Silent Voices - Building Up The Apathy
Sorti le: 03/06/2006
Par Jean-Philippe Haas
Label: Replica Records
Site:
La Finlande, l’autre pays du heavy metal glorieux à prétention progressive. Après Stratovarius, Nightwish, Sonata Arctica, voici ces messieurs de Silent Voices. Ce projet parallèle de Henrik Klingenberg (claviériste de Sonata Arctica) n’en est pas à son coup d’essai puisque Building Up The Apathy n’est rien de moins que leur troisième album studio. Infernal, le précédent, ayant recueilli d’élogieuses critiques, on était en droit de s’attendre à ce qu’il est convenu d’appeler un « album de la maturité » pour ce troisième essai. Il s’agit en l’occurrence plutôt de l’album de la continuité où la prise de risque est quasi-nulle.
Silent Voices, disons-le d’emblée, n’a pas davantage avec Building Up The Apathy qu’avec ses deux prédécesseurs une quelconque chance de tirer son épingle du jeu de la fourmilière des combos concurrents. Cet album aurait pu voir le jour au lendemain de la sortie d’Awake de Dream Theater. Il ne s’agit ni plus ni moins que d’un énième croisement entre metal progressif et metal symphonique. Il est même surréaliste d’associer le terme progressif à un album qui accuse une bonne décennie de retard sur les canons du genre. Tous les clichés propres à ce style sont en effet présents : riffs interprétés à la tronçonneuse, duels guitare-clavier, alternance de passages calmes et puissants, nappes de claviers atmosphériques, cassures de rythmes, titres à rallonge (entre 6 et 10 minutes), quelques refrains-hymnes, ballade obligatoire (« Hollowed »)… Le sommet ultime est atteint avec « Into The Flow », compilation de dix minutes contenant la quasi-totalité des ingrédients de tout bon ragoût de metal progressif qui se respecte. Cette accumulation de gimmicks est très rapidement soporifique. Le pire défaut de cet album – et c’est une tare particulièrement répandue chez les suiveurs – est donc de souffrir d’une totale absence de personnalité. On ne retient rien (ou pas grand-chose) des huit compositions, bien qu’elles soient loin d’être simplistes mais à force de trop vouloir en faire, nos finlandais ne parviennent qu’à produire des morceaux surchargés et patauds.

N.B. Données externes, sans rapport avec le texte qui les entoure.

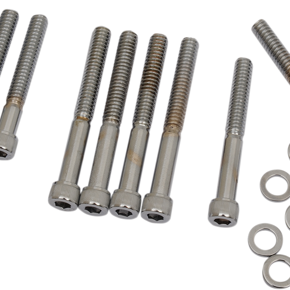 Caracteristicas: Socket-head bolt sets to meet virtually any custom need Complete motor sets for 07 and later Big Twin include bolts for primary, cam, cam sensor, derby, rocker box, transmission top, transmission side, lifter block and clutch covers Complete motor sets for 87-94 Big Twin include bolts for cam, primary, point, clutch, inspection and chain covers, lifter base, inner primary, top front and rear motor mounts, timing plug and header mount screws Complete motor sets for 04 and later XL include bolts for primary, cam, derby, lifter block, points cover, rocker box and engine case Complete motor sets for 86-03 XL include bolts for cam, primary, generator, sprocket, rocker box, top motor mount, lifter base, point or magneto cover Made in the U.S.A.

Silent Voices n’est pourtant pas un cas désespéré, de bonnes choses flottent tant bien que mal sur cet océan de conformisme, à commencer par la maîtrise instrumentale incontestable des musiciens. Une vague tentative dans la recherche de sonorités moins convenues peut également être soulignée (Grand jeu-concours printanier : un piano jazzy s’est timidement glissé dans l’une des compositions. A vous de le retrouver !). Côté chant, on évite l’archétype des chanteurs scandinaves évoluant dans cette catégorie : chant « lyrique » haut perché, maniérisme, accent à couper au couteau. Michael Henneken, dont le timbre est proche de celui d’Andy Kuntz (Vanden Plas), s’en sort fort honorablement, évitant la plupart du temps les ultrasons. Par ailleurs, tout cela est fort bien produit. Mais il ne s’agit que d’emballage. Et c’est là que réside le paradoxe de ce genre de groupes : talentueux, très professionnels, mais sans originalité. Silent Voices n’est pour le moment pas autre chose qu’un ersatz de Dream Theater à la sauce nordique.